I run a Yamaha Digital Sound Projector (YSP-1000) in a massive 736 square foot master bedroom with a 12 inch Polk sub that has and incredible soundstage but these cost a LOT. Nonetheless if a single "speaker box" is all you got room (or permission) for the Yamaha YSP line is worthy of consideration. (this system replaced another 321 I had)

In the end there is no substitute for multi channel surround but circumstances can make any of the above liveable. and budget considerations also shape the focus. If the Bose soundbar has managed to create a bass response similar to what they have done with the wave radios it might be just fine to the ears of some.
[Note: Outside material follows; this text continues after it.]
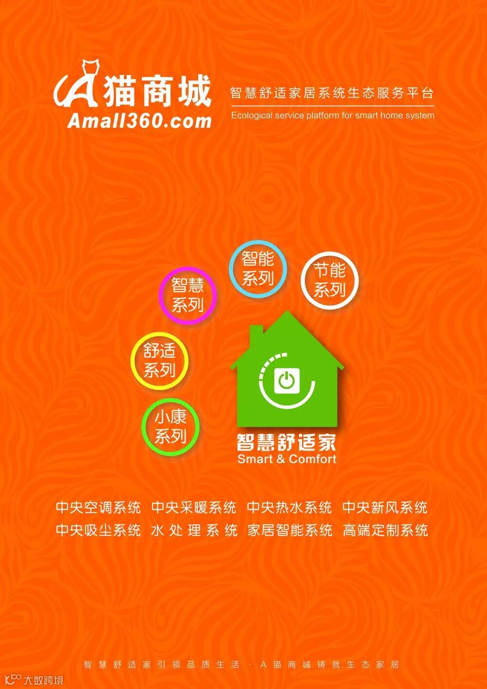 作为智慧舒适家居系统生态服务平台,A猫商城致力于为客户提供量身定做的智慧舒适家居系统的整体解决方案,全方位地为客户提供咨询、设计、销售、施工、监理、售后及线上与线下的互动服务;与智慧舒适家居行业企业一起分享市场开发、营销管理、技术共享、设计报价、工程管理、一站式采购及售后服务的创新模式和标准化;为设备、材料的生产商提供最前沿的客户需求、最快捷的推广渠道和分销平台。

Don "it all boils down to what suits you and your situation" Bolton


puckwithahalo said:


> While I do agree that Bose is overpriced, I will say one thing for them. I have an old 321 system from them that I inherited from my grandfather. One of the speakers was not working when I got the system, but it was well out of warranty. Anyhow, I called Bose looking to see if there was any way to get a schematic of the electronics inside so my roommate could check for problems. Bose said no to that (no real surprise there), however for $79 they would return the system to like new condition, regardless of how many issues it had, and give it a new warranty just like it was brand new. At least in my eyes, that's pretty awesome, and a great price for what you get. So, while I probably wouldn't buy one new, I will say it seems like they take care of those who have.


----------